Mean NGS Callable Coverage by Test Type
Test Type Callable Loci combBED Loci Total Loci Samples (n) Est. Years/SNP
1KG 6,349,638 (48.197% CV) 3,457,028 (50.394% CV) 21,805,241 (10.526% CV) 776 192.06
Big Y 9,318,380 (4.768% CV) 7,684,996 (3.876% CV) 16,412,164 (4.462% CV) 586 130.87
WGS 15x-FGC 11,168,783 (0.000% CV) 5,955,495 (0.000% CV) 22,744,367 (0.000% CV) 1 109.19
WGS 20x-FGC 13,811,633 (0.000% CV) 7,352,261 (0.000% CV) 23,246,415 (0.000% CV) 1 88.30
WGS 30x-FGC 13,813,860 (6.043% CV) 7,325,530 (5.810% CV) 22,991,641 (0.583% CV) 8 88.28
WGS-Ancient 4,232,889 (99.059% CV) 2,708,633 (99.890% CV) 15,470,848 (51.527% CV) 2 288.10
WGS-LR Chromium 17,998,203 (0.000% CV) 7,792,979 (0.000% CV) 22,940,547 (0.000% CV) 1 67.76
WGS-Other 14,911,039 (0.121% CV) 6,654,911 (13.145% CV) 23,389,332 (0.173% CV) 2 81.79
WGS-Veritas 14,923,228 (4.953% CV) 7,986,530 (6.907% CV) 23,581,587 (0.567% CV) 61 81.72
Y Elite 15,313,381 (12.918% CV) 7,731,569 (5.400% CV) 21,766,426 (7.678% CV) 3 79.64
Y Elite 1.0 13,997,228 (4.641% CV) 7,911,702 (6.175% CV) 23,344,928 (2.290% CV) 32 87.13
Y Elite 2.0 14,270,887 (3.165% CV) 7,653,058 (6.797% CV) 22,445,261 (3.381% CV) 19 85.45
Y Elite 2.1 13,758,146 (3.458% CV) 7,774,999 (1.676% CV) 20,747,691 (2.022% CV) 4 88.64
Y Elite 2.1a 13,895,496 (0.000% CV) 7,774,910 (0.000% CV) 20,965,083 (0.000% CV) 1 87.76
Y Elite 2.1b 13,238,298 (2.090% CV) 7,516,391 (1.562% CV) 20,670,686 (0.775% CV) 5 92.12
Y Elite* 13,935,448 (3.906% CV) 6,926,796 (15.546% CV) 21,194,731 (6.534% CV) 29 87.51

* Using vendor provided CallableLoci report lifted to GRCh38. CombBED region loci totals are not as accurate as the fully realigned versions.
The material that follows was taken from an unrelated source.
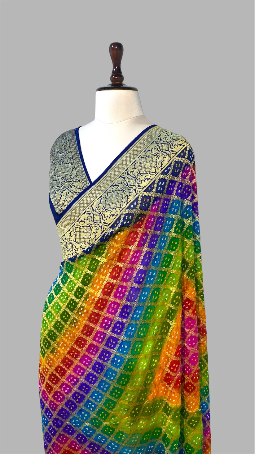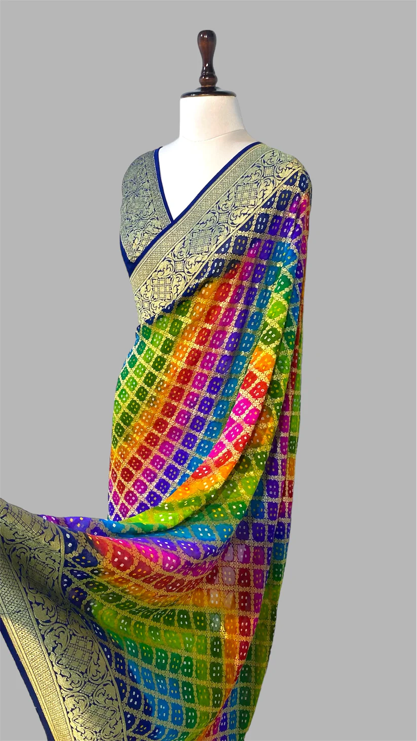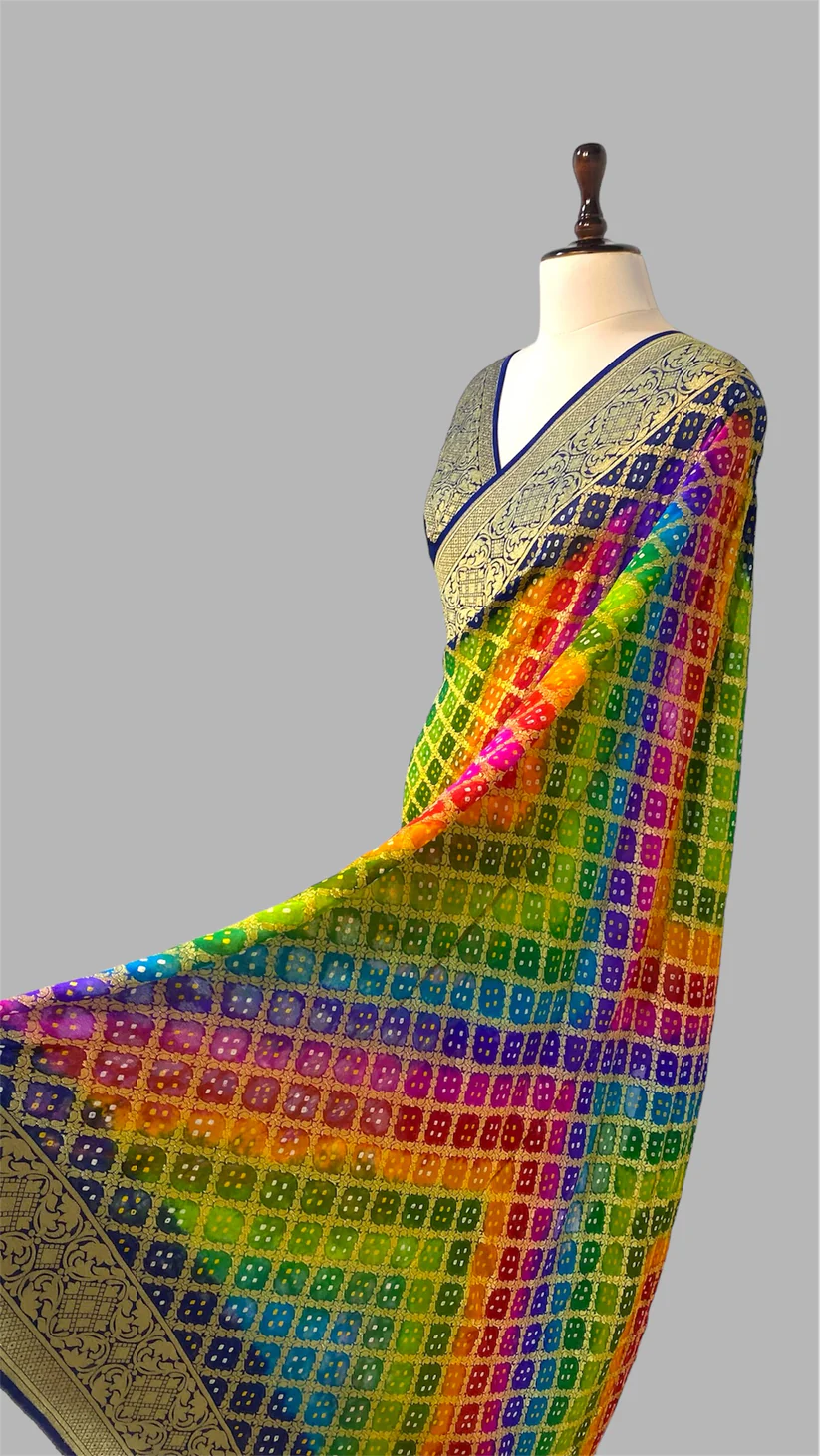 ‘RAINBOW’ PURE KHADDI GEORGETTE HANDLOOM BANDHANI BANARASI SAREE

Notes on CALLABLE and combBED Metrics

The combBED regions were originally published in Adamov et al (2015.) The combBED is actually the intersection of Poznik et al. (2013) and the Big Y White Paper regions. The Poznik regions defined sections of the Y chromosome where the aligner reported confident quality scores and depths within expected ranges. The Big Y regions define those targeted by FTDNA's NGS test. The intersection becomes a simple filter criterion when sequences can be aligned with 90% confidence with 75-150 base reads and are consistently reported in Big Y tests.

The combBED statistic becomes a valuable tool in anticipating how well other Next Generation Sequencing platforms can be used for direct comparison with Big Y. Given the 6% coefficient of variance between Big Y themselves, it becomes clear any direct-to-consumer platform with 7 million combBED loci will be a direct substitution. The data in the 1000 Genomes project and Ancient Whole Genome Sequencing released over the last year is more difficult to compare as the callable coverage areas do not align as well.

The Y DNA coverage metric for VeritasGenetics and FullGenomes Whole Genome Sequencing tests is under reported. At present converting a full 30x WGS test takes over 96 hours. To more efficiently add the samples only the GRCh37 Y DNA segments are being realigned. Future iterations may correct this potential issue.